▶ [YOUR INSTRUCTIONS] The listing below is to be given again in full and word for word, without its images.

▶ [GIVEN DATA]

☆ ☆ ☆ ☆ ☆

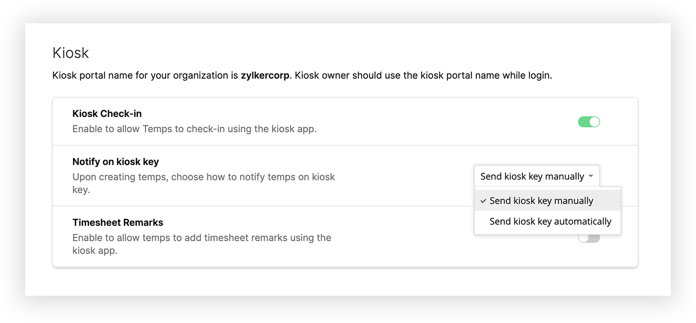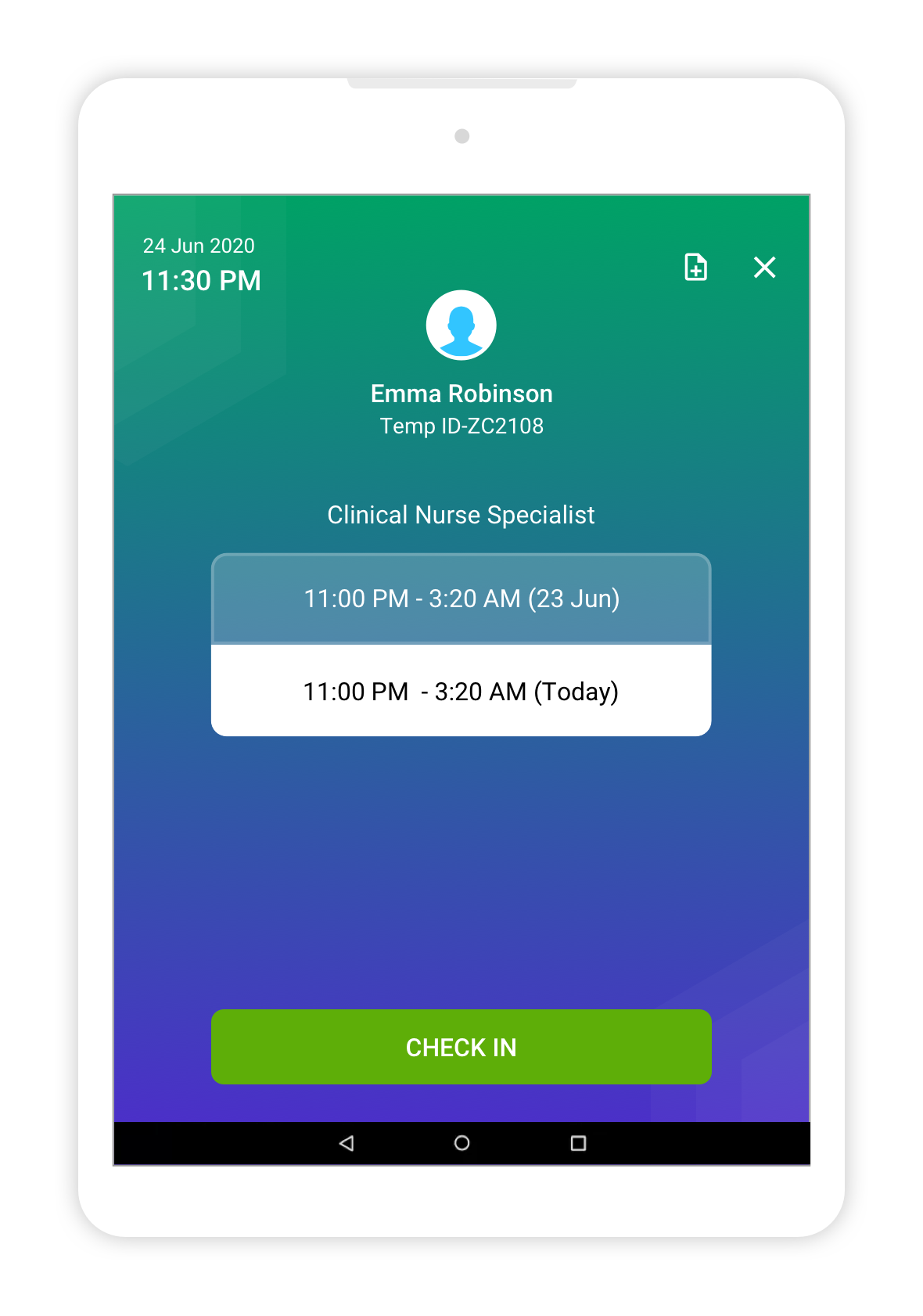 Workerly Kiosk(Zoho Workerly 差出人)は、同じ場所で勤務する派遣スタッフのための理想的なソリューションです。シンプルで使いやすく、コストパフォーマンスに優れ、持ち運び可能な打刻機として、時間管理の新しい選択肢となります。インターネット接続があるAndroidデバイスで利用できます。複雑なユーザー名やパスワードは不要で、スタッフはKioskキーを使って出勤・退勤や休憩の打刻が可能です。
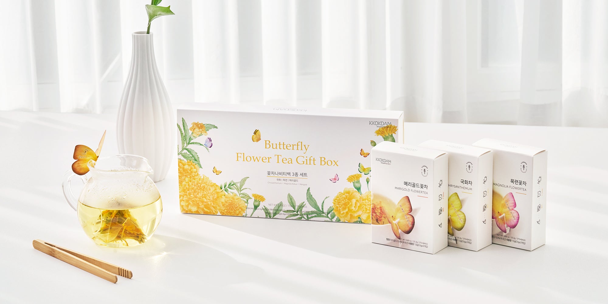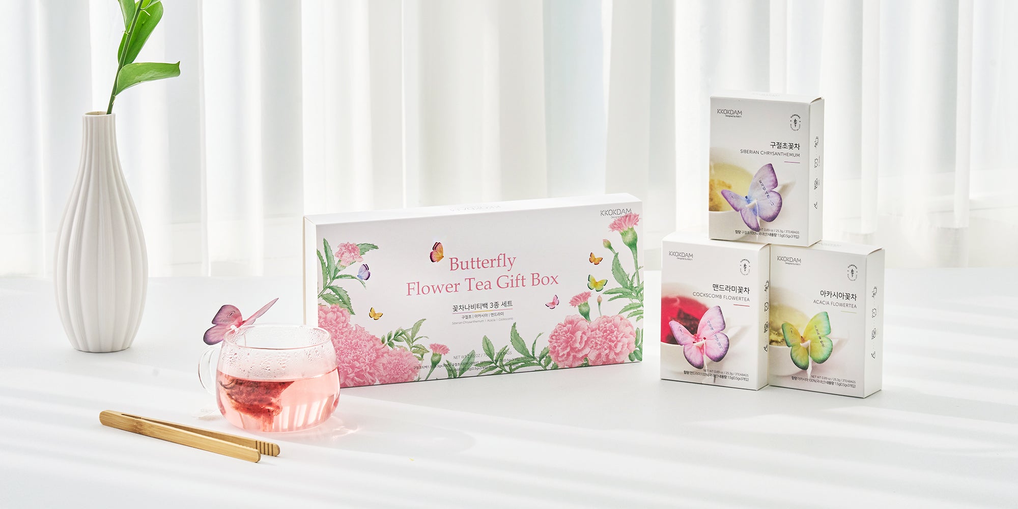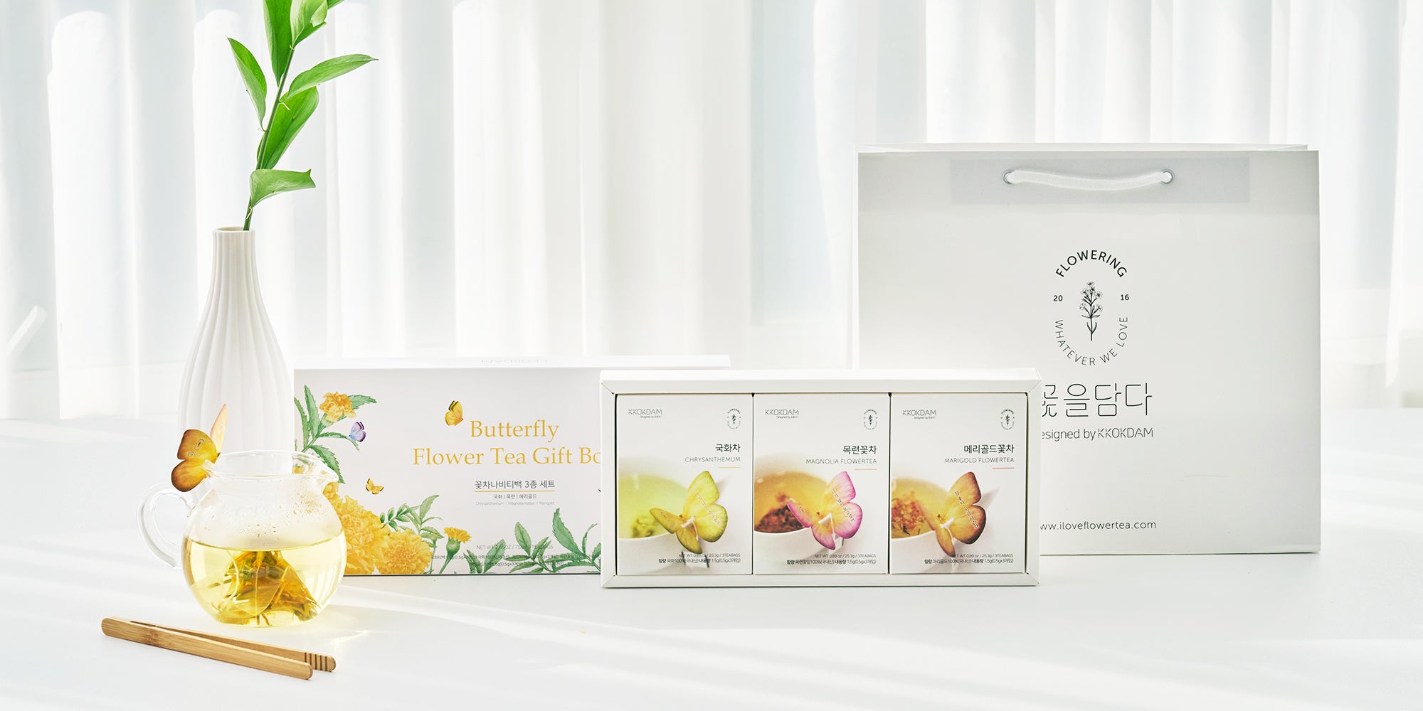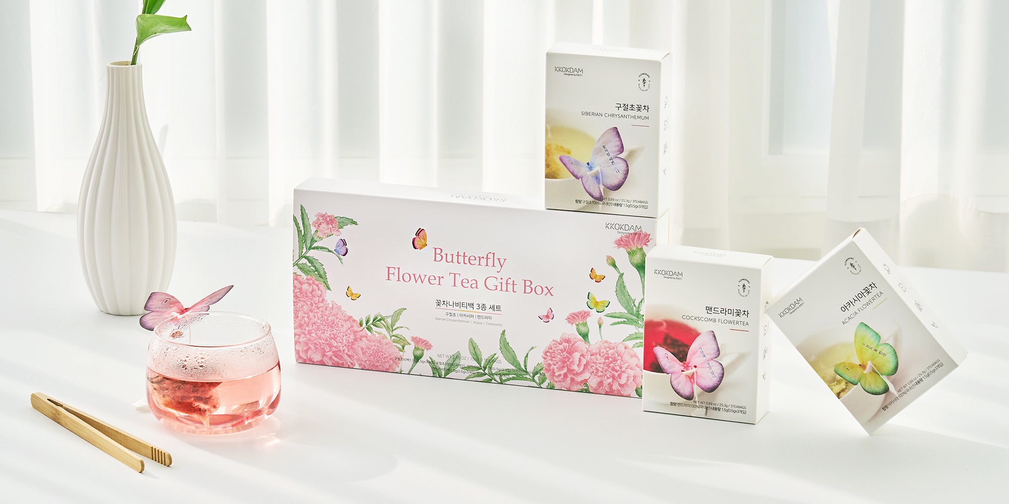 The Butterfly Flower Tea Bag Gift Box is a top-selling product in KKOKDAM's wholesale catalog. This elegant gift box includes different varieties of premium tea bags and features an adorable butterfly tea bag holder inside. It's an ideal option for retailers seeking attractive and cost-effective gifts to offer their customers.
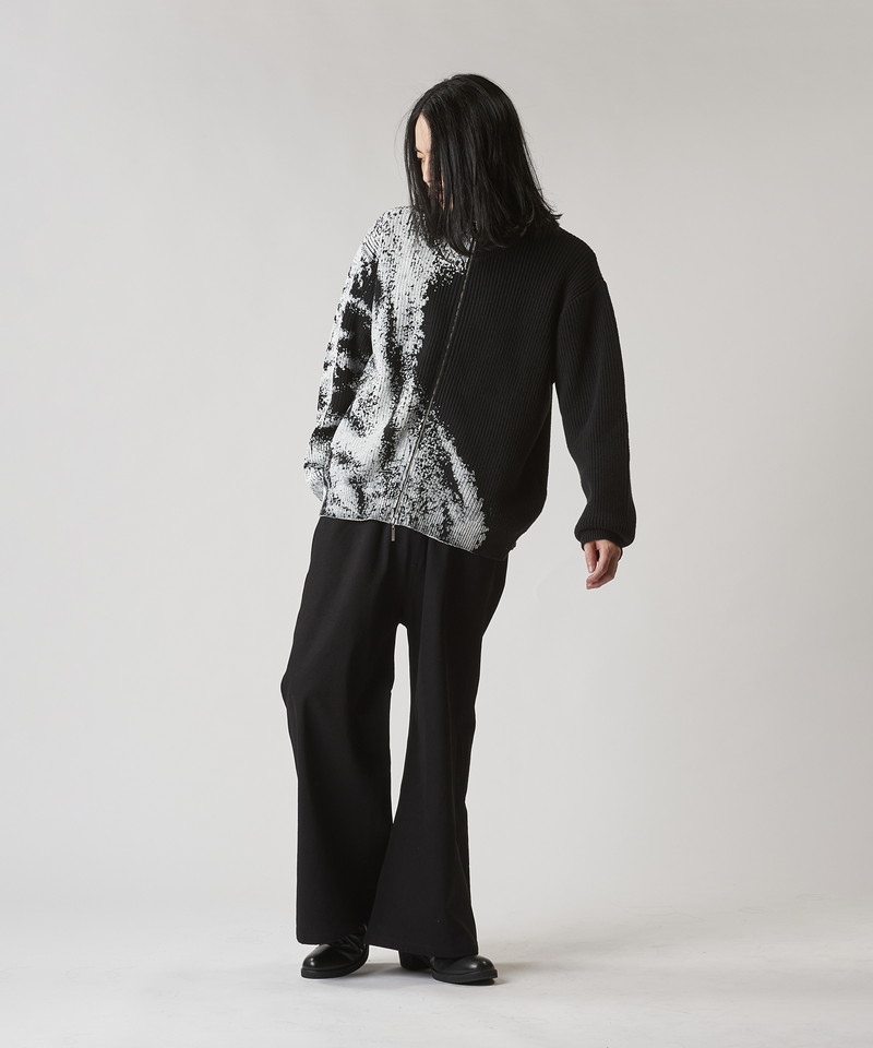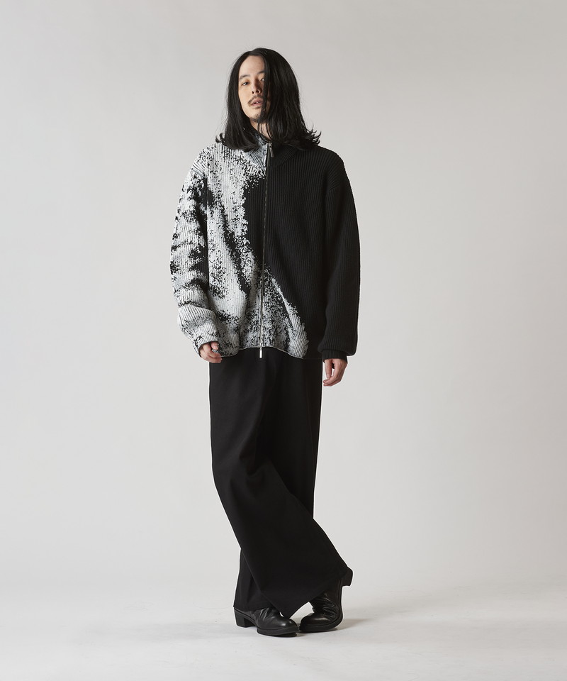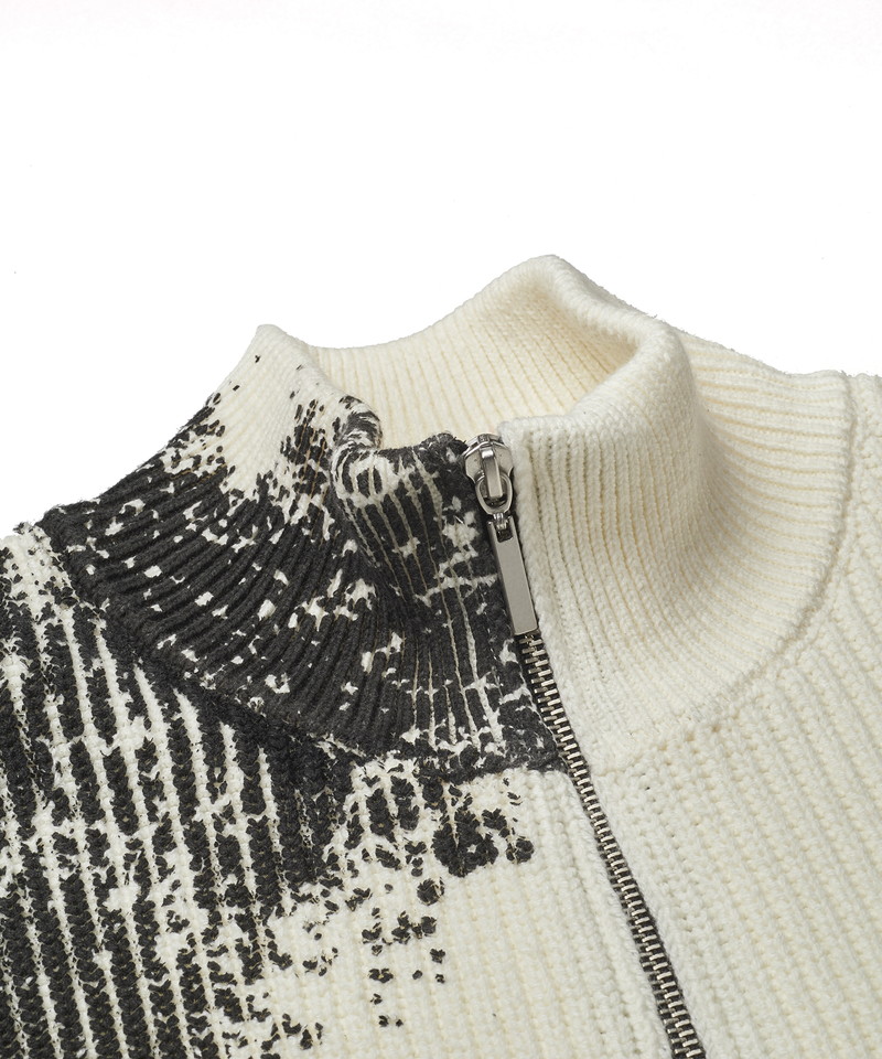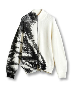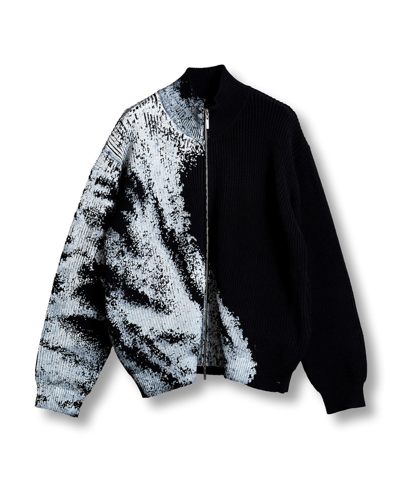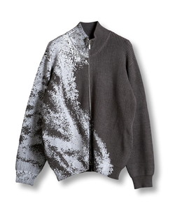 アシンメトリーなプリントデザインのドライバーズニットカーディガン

☆ ☆ ☆ ☆ ☆

▶ [COMPLETED TASK]
 Workerly Kiosk(Zoho Workerly 差出人)は、同じ場所で勤務する派遣スタッフのための理想的なソリューションです。シンプルで使いやすく、コストパフォーマンスに優れ、持ち運び可能な打刻機として、時間管理の新しい選択肢となります。インターネット接続があるAndroidデバイスで利用できます。複雑なユーザー名やパスワードは不要で、スタッフはKioskキーを使って出勤・退勤や休憩の打刻が可能です。
 The Butterfly Flower Tea Bag Gift Box is a top-selling product in KKOKDAM's wholesale catalog. This elegant gift box includes different varieties of premium tea bags and features an adorable butterfly tea bag holder inside. It's an ideal option for retailers seeking attractive and cost-effective gifts to offer their customers.
 アシンメトリーなプリントデザインのドライバーズニットカーディガン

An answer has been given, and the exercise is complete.